Several other groups have released pipelines for neoantigen vaccine prediction, most notably pVAC-seq40 and MuPeXI41. A deep comparison between neoantigen pipelines likely requires evaluating T-cell response and anti-tumor activity after vaccination, which is well beyond the scope of this paper. There are, however, a few obvious differences between the PGV pipeline and others which have been published.
Modularity: The PGV pipeline has been developed as a collection of flexible standalone tools, rather than a single monolithic script (see Supplementary Tables 2 & 3). These components are brought together in the Epidisco library, which allows users to run highly configurable genomics and immunoinformatics pipelines. For example, the variant calling and epitope prediction components of the PGV pipeline have also been used through Epidisco for retrospective analyses of checkpoint blockade clinical trials42.
Inputs are FASTQ files: MuPeXI and pVAC-seq both require the implementation of separate genomics pipeline to infer patient HLA type, call somatic variants, and quantify expression. The PGV pipeline, by contrast, is self-contained in the sense that its inputs are raw FASTQ files and its outputs are vaccine peptide predictions.
Dependence on tumor RNA: The PGV pipeline relies on tumor RNA reads to determine the mutant protein coding sequence. MuPeXI and pVAC-seq, by contrast, only consider expression data after predicting a mutant protein sequence from a variant in isolation. PGV’s approach has potential benefits in capturing altered patterns of splicing and phasing somatic variants with other nearby variants. These potential benefits, however, have yet to be evaluated systematically.

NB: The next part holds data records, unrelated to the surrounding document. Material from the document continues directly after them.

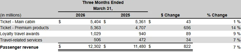 本来以为3月的美伊战争会影响航空业绩,但并没有。公司披露美国国内收入+6%,国际收入+5%。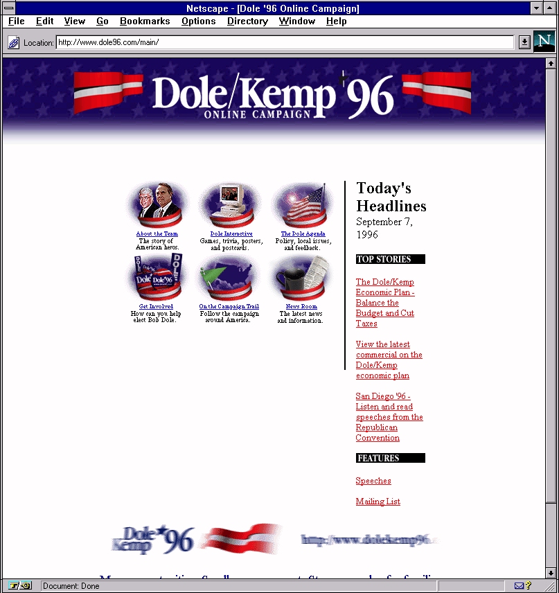 Both Republicans and Democrats have invested heavily in the development of their campaign Websites this year. Both sites seem to be professionally done. From a technological point of view, I'd give a very slight edge to the Dole site because it isn't as rude to non-Netscape compatible browsers as the Clinton site is - it at least pays lip service to the Internet Engineering Task Force (www.ietf.org) HTML standards. I'll show you what I mean with a few screen shots.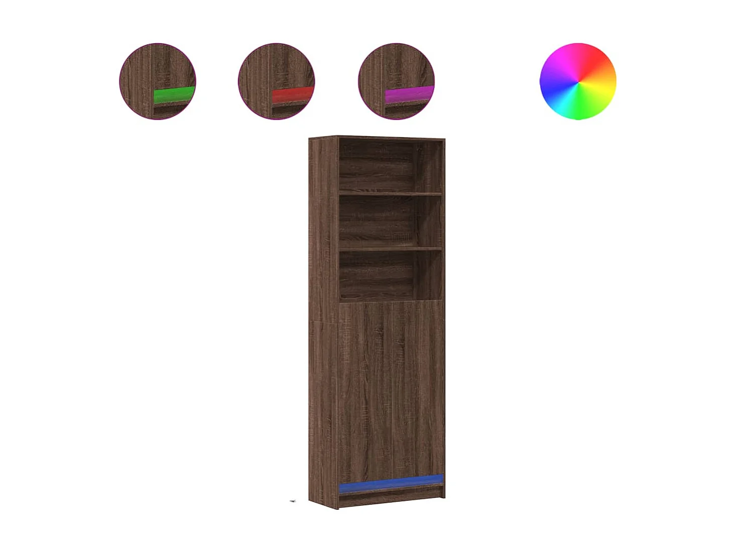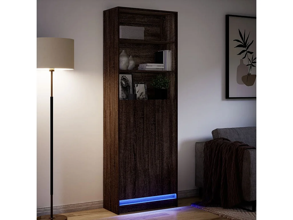 Buffet | Bahut | Meuble de rangement haut avec LED chêne marron 69x32,5x200cm bois ingénierie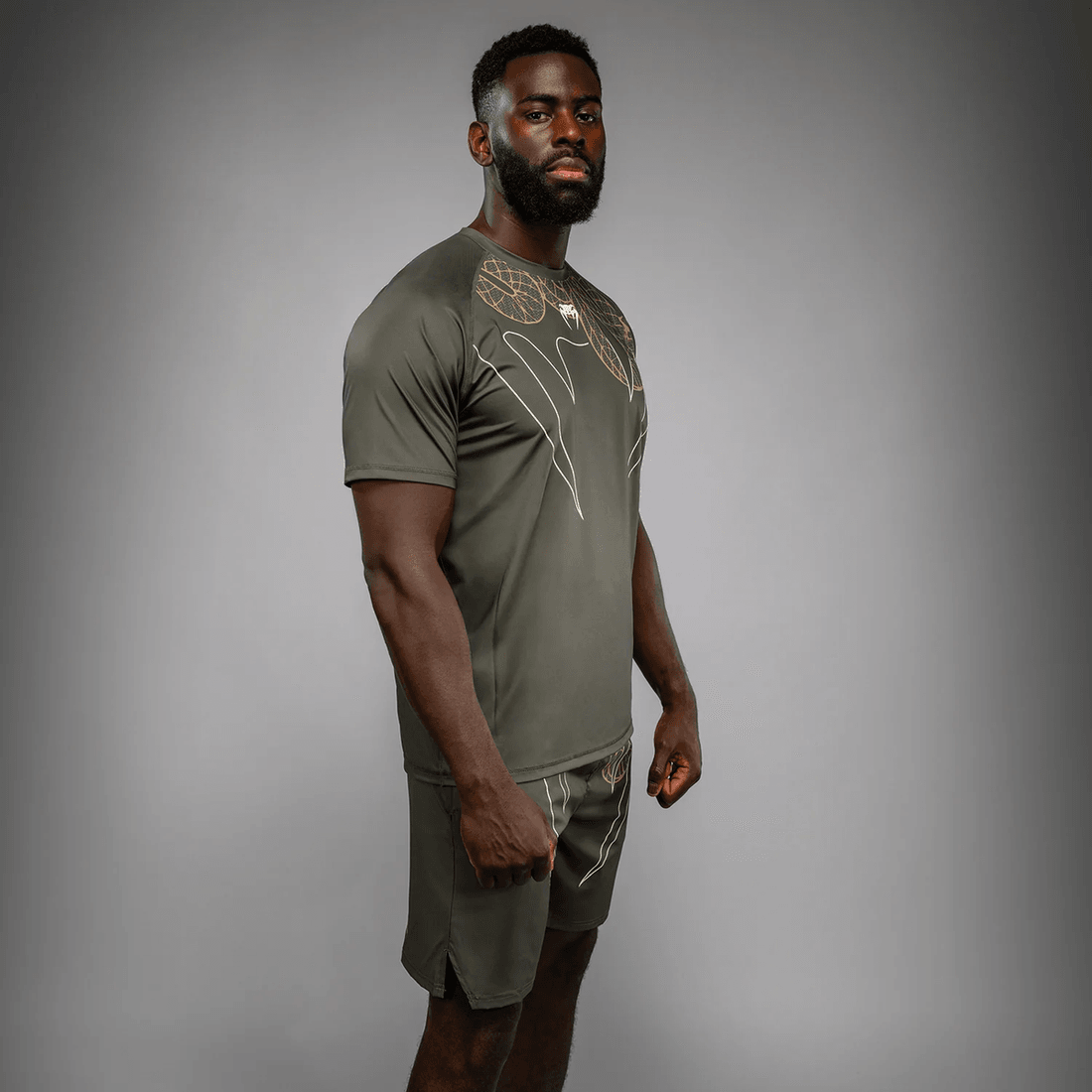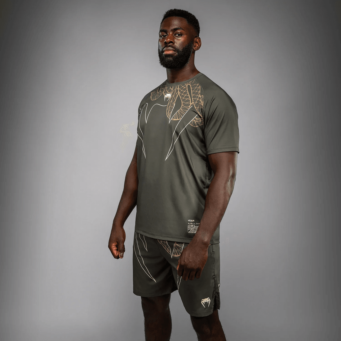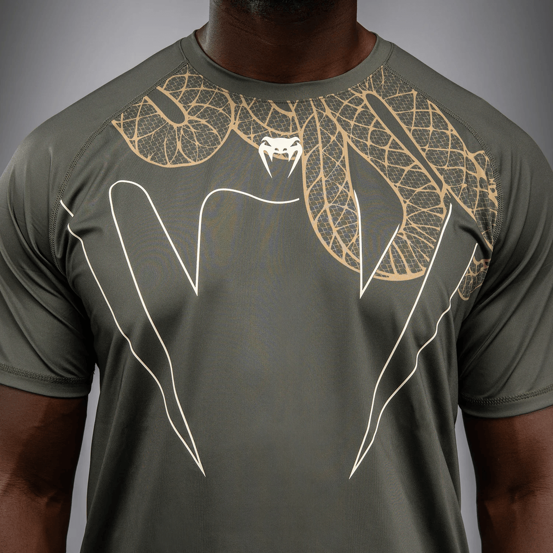 Experience unparalleled performance with the Venum Serpenti Dry Tech T-Shirt in Khaki/Bronze/Ivory. Designed for athletes who demand excellence, this shirt embodies the silent yet fierce essence of a snake, empowering you to conquer your training sessions.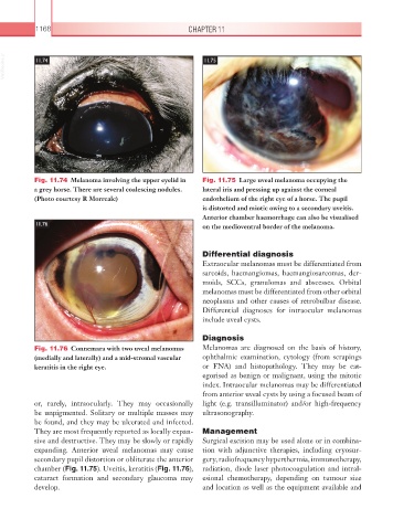 Fig. 11.74 Melanoma involving the upper eyelid in Fig. 11.75 Large uveal melanoma occupying the
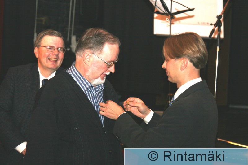 Tampere Helin saa jonkun ansiomerkin kai Lehtiniemi oikealla.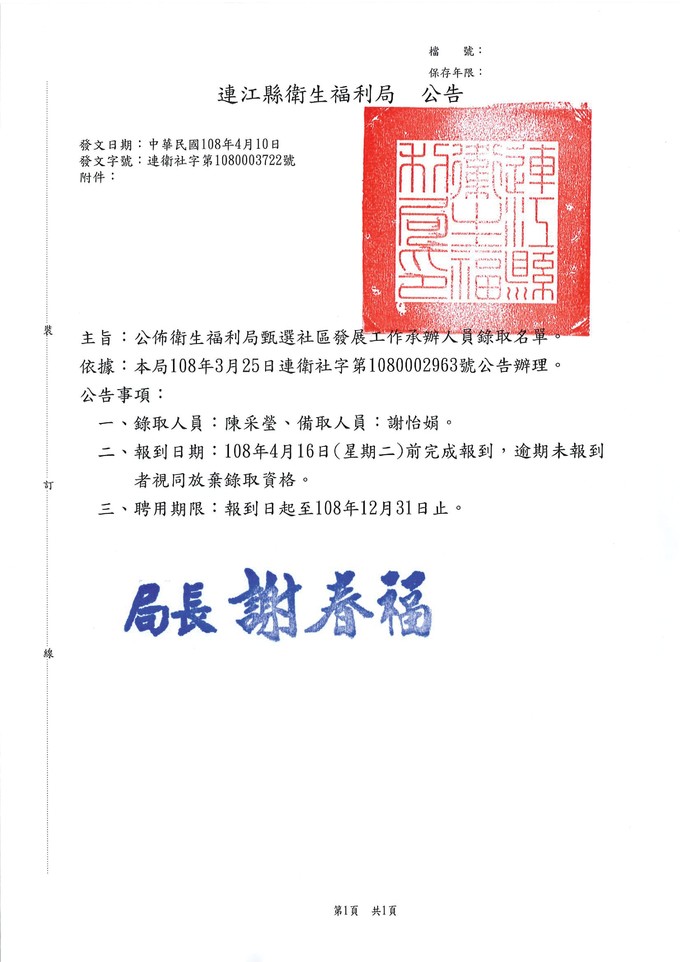 衛福局徵選社區發展工作承辦人錄取公告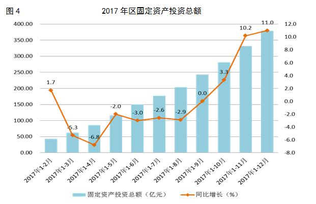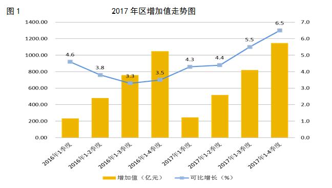 据测算,2017年全区实现增加值1147.36亿元,可比增长6.5%。其中:第一产业实现增加值1.18亿元,下降13.1%;第二产业实现增加值358.87亿元,增长8.0%;第三产业实现增加值787.30亿元,增长5.8%。三次产业结构比为0.1:31.3:68.6,第二产业所占比重比上年提高0.5个百分点,实体经济在2017年得到稳步复苏。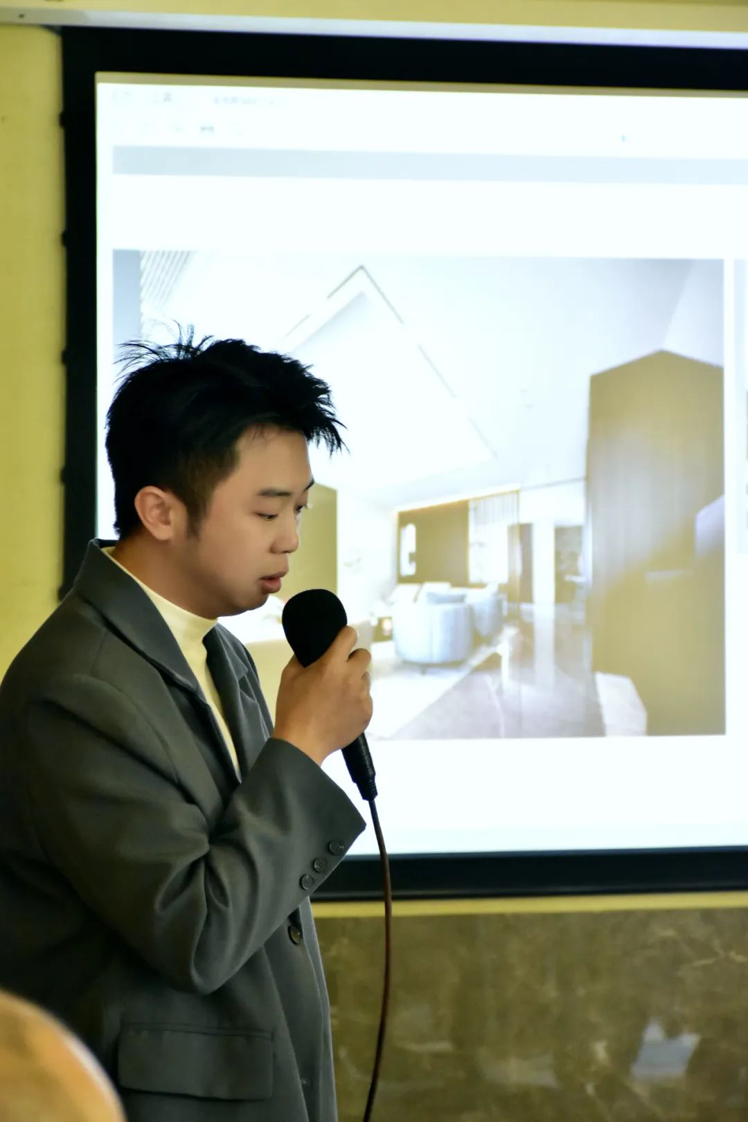 星藝廣西區(qū)域總監(jiān)徐橘致辭,徐總就當下行業(yè)發(fā)展趨勢,提出不斷學習“新趨勢”、“新工藝”“新材料”“新設(shè)計”等要求,并強調(diào)此次分享會的重要意義。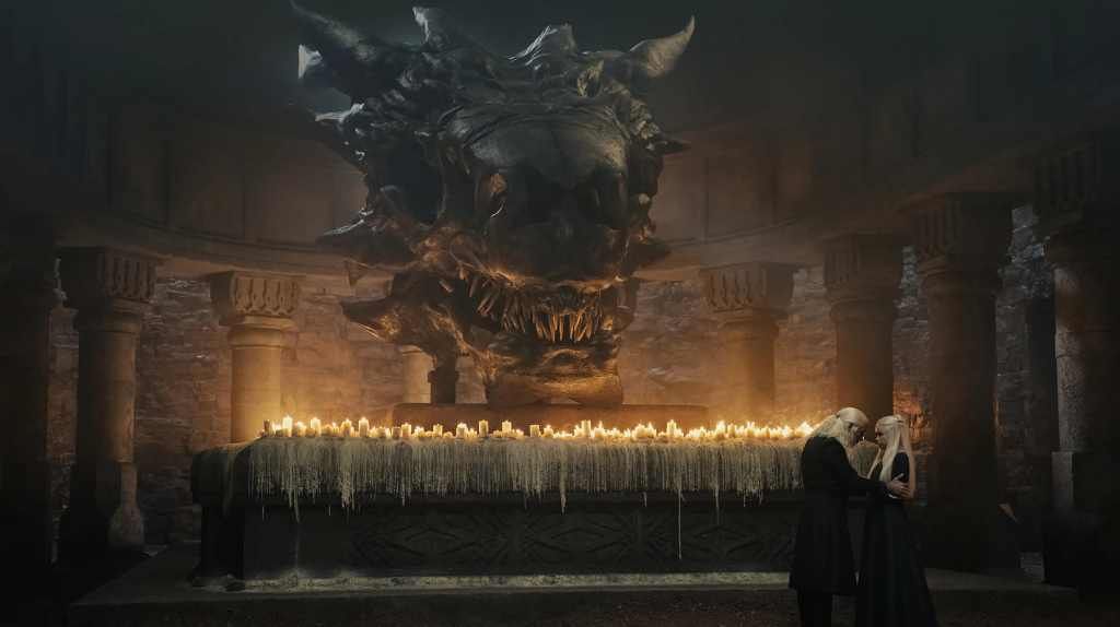 ¿Te suena esta calavera de dragón? Es Balerion, más conocido como el dragón más grande que jamás haya existido, y el último de los dragones que realmente nació en Valyria. En Juego de Tronos aparecía cubierto de polvo y en peores condiciones. Aquí, es el lugar espiritual de Viserys y el epicentro de grandes revelaciones.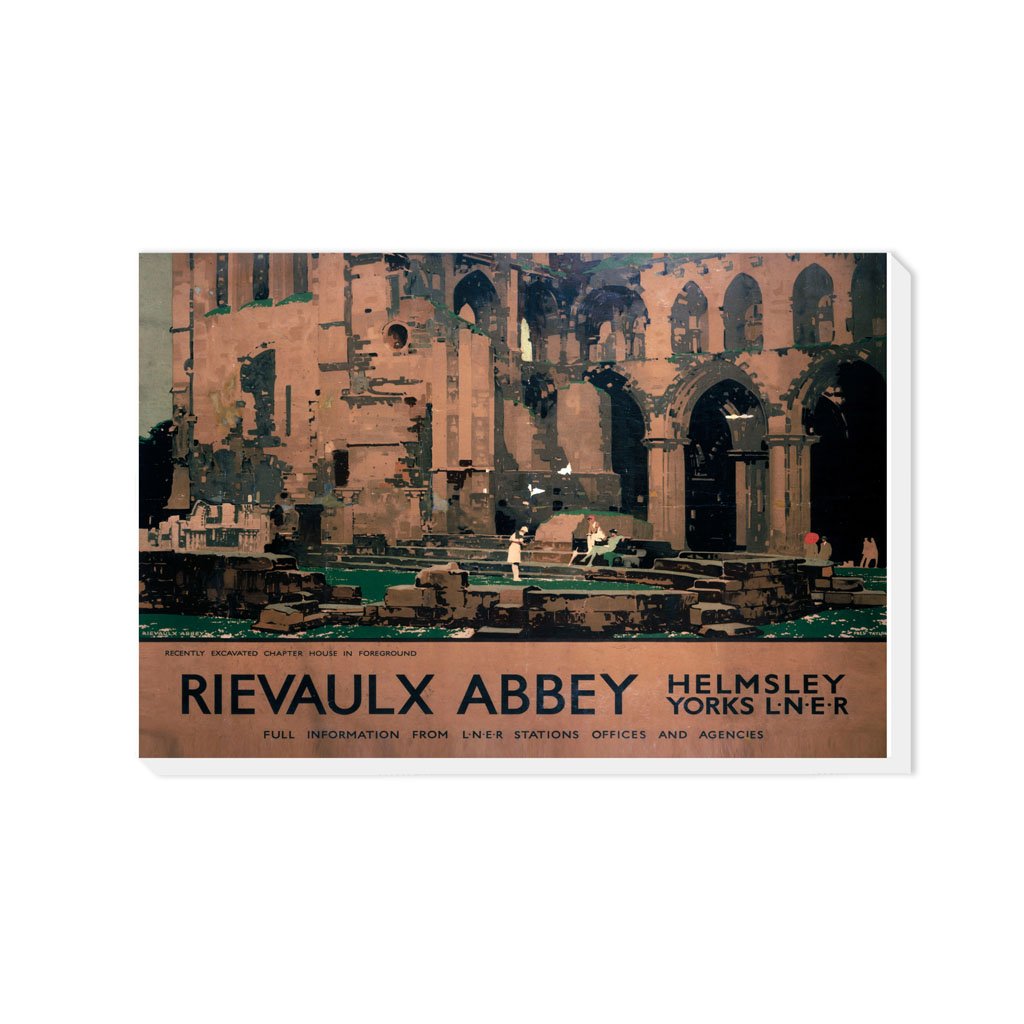 Vintage Railway Poster Canvas Wall Art of Recently Excavated Rievaulx Abbey - Helmsley Station Yorkshire. Canvases are available in multiple sizes and are all made from eco-friendly FSC accredited materials. All Railway Poster Canvases are made of the best quality materials and are proudly printed in the UK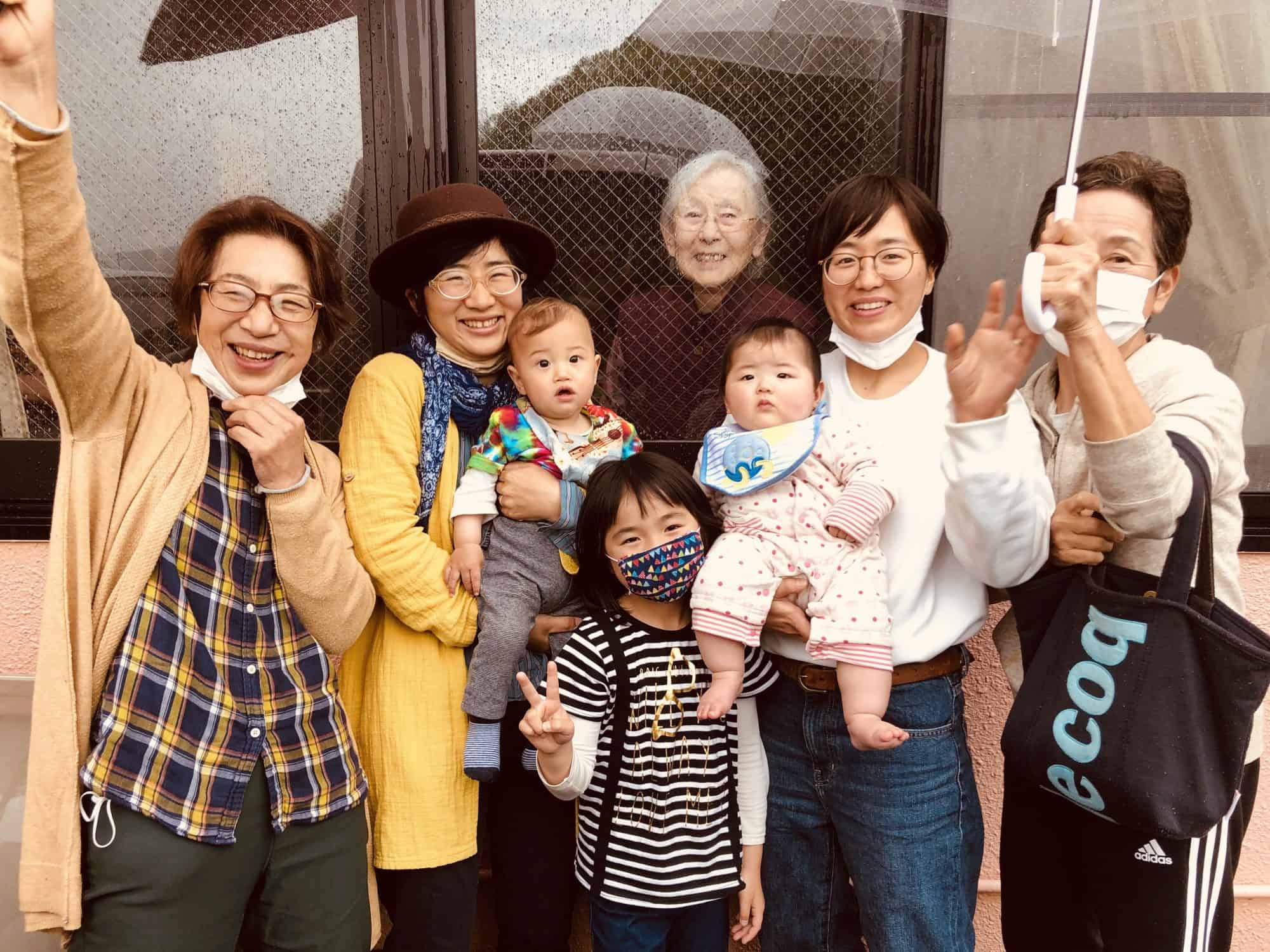 A couple months back, we visited an elder’s home where great grandmother Fujii (mother’s pre-married family name) is sequestered behind glass while meeting two of her great-grandchildren: Ichiro & his 2nd cousin up from Nagasaki.

Liberal software license: All of the software components which comprise the PGV pipeline are freely available under the Apache software license. MuPeXI and pVAC-seq, by contrast, use more restrictive licenses, which might prohibit their integration with other bioinformatics software.
Optimization of peptide sequence for solid phase synthesis: PGV appears to be unique among freely available neoantigen pipelines in attempting to choose peptides whose sequence content is more likely to be successfully manufactured. We have found this to be an important step, especially when using longer peptides, due to the significant delays introduced by failed synthesis or purification attempts.
The PGV-001 trial is the first in a series of planned neoantigen vaccine investigations. Several improvements to the PGV pipeline are planned, including the use of genomic fusions and other structural variants as neoantigen sources, clonality as a consideration for variant prioritization, and additional immunological predictions such as proteasomal cleavage and Class II MHC binding. As immune response data from ongoing preclinical work and PGV-001 becomes available, our method for combining correlates of immunogenicity into a single ranking will likely undergo significant tuning.